____ Records for this exercise
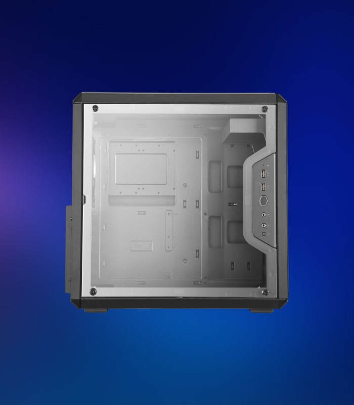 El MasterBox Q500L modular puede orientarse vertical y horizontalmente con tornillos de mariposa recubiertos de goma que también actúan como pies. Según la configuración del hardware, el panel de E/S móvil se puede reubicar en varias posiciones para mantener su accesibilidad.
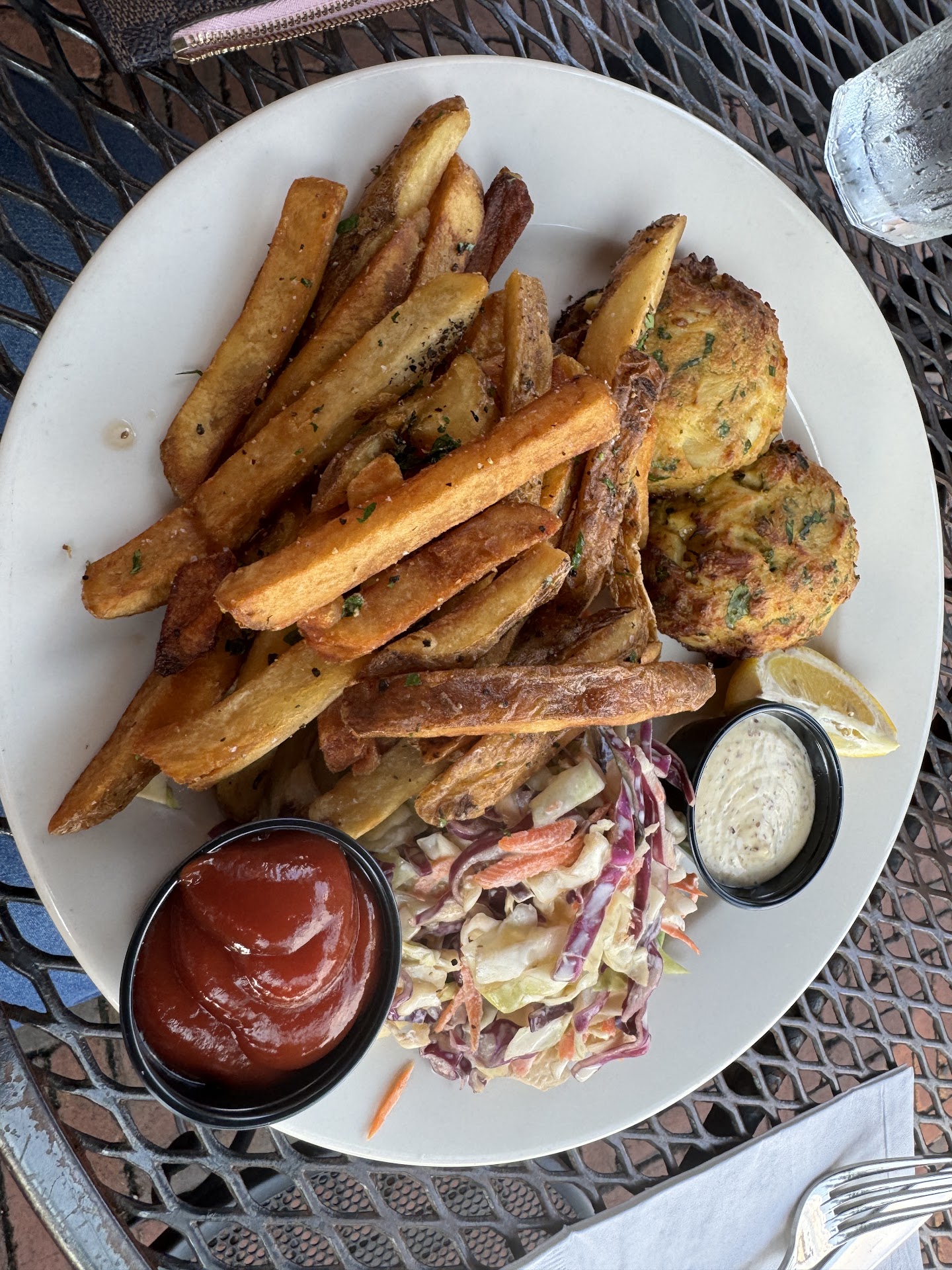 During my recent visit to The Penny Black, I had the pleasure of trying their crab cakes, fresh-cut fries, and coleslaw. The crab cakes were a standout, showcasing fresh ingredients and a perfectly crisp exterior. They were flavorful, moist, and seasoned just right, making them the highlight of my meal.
________
____ Records for this exercise
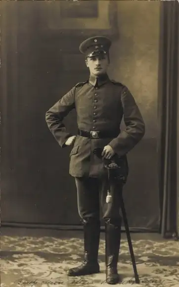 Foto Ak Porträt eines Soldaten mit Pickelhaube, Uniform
________
■ Exercise requirements
Everything above from the line that has "El MasterBox Q500L" down to the line that has "During my recent" should be output exactly, with both of those lines included. Leave the pictures behind.

■ Solution to this exercise
 El MasterBox Q500L modular puede orientarse vertical y horizontalmente con tornillos de mariposa recubiertos de goma que también actúan como pies. Según la configuración del hardware, el panel de E/S móvil se puede reubicar en varias posiciones para mantener su accesibilidad.
 During my recent visit to The Penny Black, I had the pleasure of trying their crab cakes, fresh-cut fries, and coleslaw. The crab cakes were a standout, showcasing fresh ingredients and a perfectly crisp exterior. They were flavorful, moist, and seasoned just right, making them the highlight of my meal.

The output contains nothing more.